- Data -
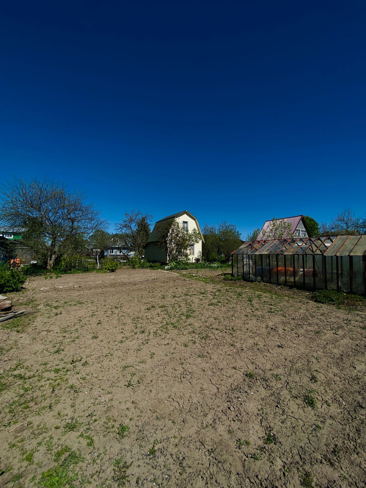 Участок разработан, ухоженный. Много насаждений: яблони, облепиха, малина, смородина...
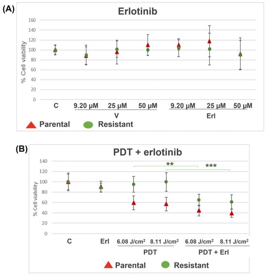 (A) Percentages of cell viability by MTT in parental and resistant T98G cells incubated with erlotinib. Parental and resistant T98G cells were incubated with erlotinib (Erl) for 24 h at doses of 9.2, 25, and 50 µM. Erlotinib and its vehicle DMSO (V) did not affect the cell viability (at 24 h) of parental and resistant T98G populations. (B) Cell viability by MTT after PDT and erlotinib combination in parental and resistant T98G cells. Cells were incubated with Me-ALA (1 mM) and erlotinib (50 uM) for 4 h and then irradiated at 6.08 and 8.11 J/cm2. After 24 h, cell viability was measured by MTT. PDT in combination with erlotinib reduced viability in resistant populations compared to PDT alone. Photodynamic therapy (PDT)-treated (Me-ALA + 6.08 J/cm2; Me-ALA + 8.11 J/cm2). ** p < 0.01; *** p = 0.001 (resistant populations, green asterisks). Results are reported as the mean ± standard error of mean (SEM). The experiment was performed 3 times. Results of a representative experiment are shown.
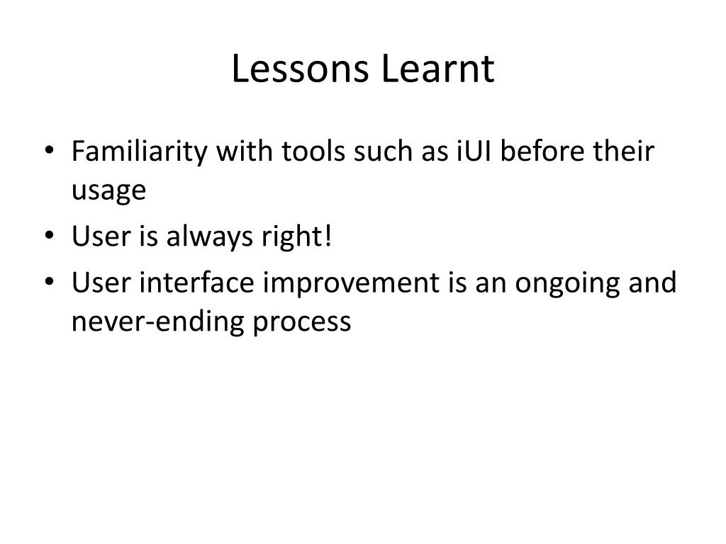 Lessons Learnt • Familiarity with tools such as iUI before their usage • User is always right! • User interface improvement is an ongoing and never-ending process
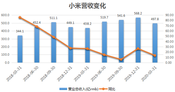 5月20日晚间,小米集团公布2020年第一季度财报,其营收497.02亿元,同比增长13.6%,环比下降12%,主要由于IOT(物联网和生活消费品)业务受到国内疫情影响环比降幅比较明显,但还是高出彭博一致预期的480亿约2.5%。

- Activity -
Keep the pictures out of your copy. Copy only the lines from the line that holds "Lessons Learnt •" through the last line of the listing above, both included.

- Solution for this task -
 Lessons Learnt • Familiarity with tools such as iUI before their usage • User is always right! • User interface improvement is an ongoing and never-ending process
 5月20日晚间,小米集团公布2020年第一季度财报,其营收497.02亿元,同比增长13.6%,环比下降12%,主要由于IOT(物联网和生活消费品)业务受到国内疫情影响环比降幅比较明显,但还是高出彭博一致预期的480亿约2.5%。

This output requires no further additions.